1,200 jobs cut by Ericsson in Sweden

Ericsson Announces Job Cuts in Sweden: Tough Times for the Telecommunications Industry

Ericsson, a leading telecommunications equipment supplier, has announced plans to cut 1,200 jobs in Sweden, which accounts for around 8.6% of its workforce in the country. The company attributed this decision to the challenging mobile network market and predicted further volume contraction as customers remain cautious. These job cuts are part of global initiatives aimed at improving the company’s cost position, including a reduction in the use of consultants.

The telecommunications equipment industry has been facing tough times with slower growth in India’s 5G rollout and decreased investment from telecom operators in North America. Last year, Ericsson reported a significant net loss of 26.1 billion Swedish crowns (2.3 billion euros) due to write-downs of US company Vonage and restructuring charges.

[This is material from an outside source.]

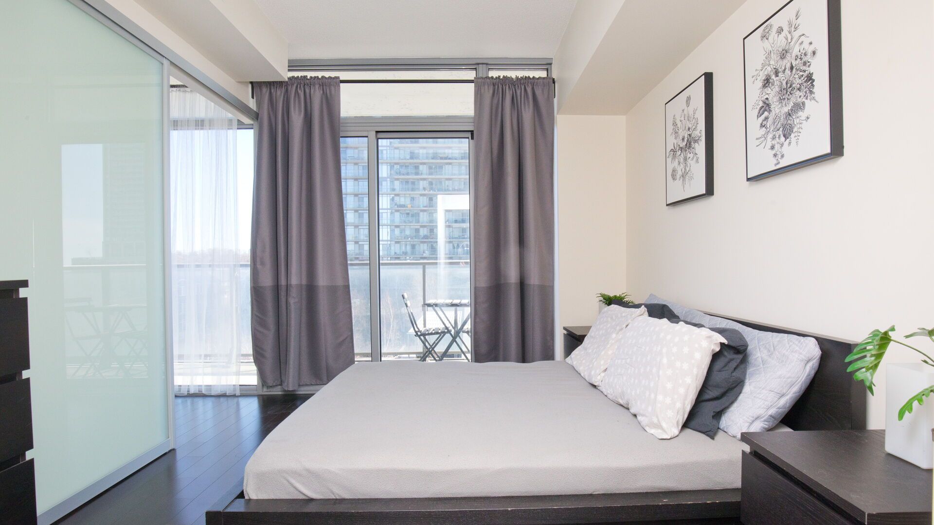 Modern & spacious luxury 1 bed + den nestled in one of the toronto's most coveted area of swan sea. Large contemporary open concept floor plan/high end finishes, hardwood floor, bright floor -ceiling windows and much more. Den can be used as second bedroom/office. Excellent layout in great location direct lake view from balcony, steps to lake ontario, gardiner express way, high park , close to bloor village, hospital , top schools in neighborhood, shopping plaza and plaza with grocery store , shoppers world, pet value, nail salon, lakeshore waterfront trails and beach, highway 427, steps to ttc and many mor. Residents enjoy easy access to downtown toronto and there is a day-care in the building. **extras** amenities included, concierge , indoor/outdoor swimming pool, gym, tennis court, day-care, ttc @ building entrance, min to qew and downtown to!!

To address these challenges, Ericsson has launched strategic initiatives aimed at improving its position in the global telecommunications market. Despite the difficult economic conditions, the company remains committed to long-term sustainability by making tough decisions now. By reducing costs and streamlining operations, Ericsson hopes to strengthen its competitive edge and maintain its position as one of the top three mobile network providers worldwide, alongside China’s Huawei and Finland’s Nokia.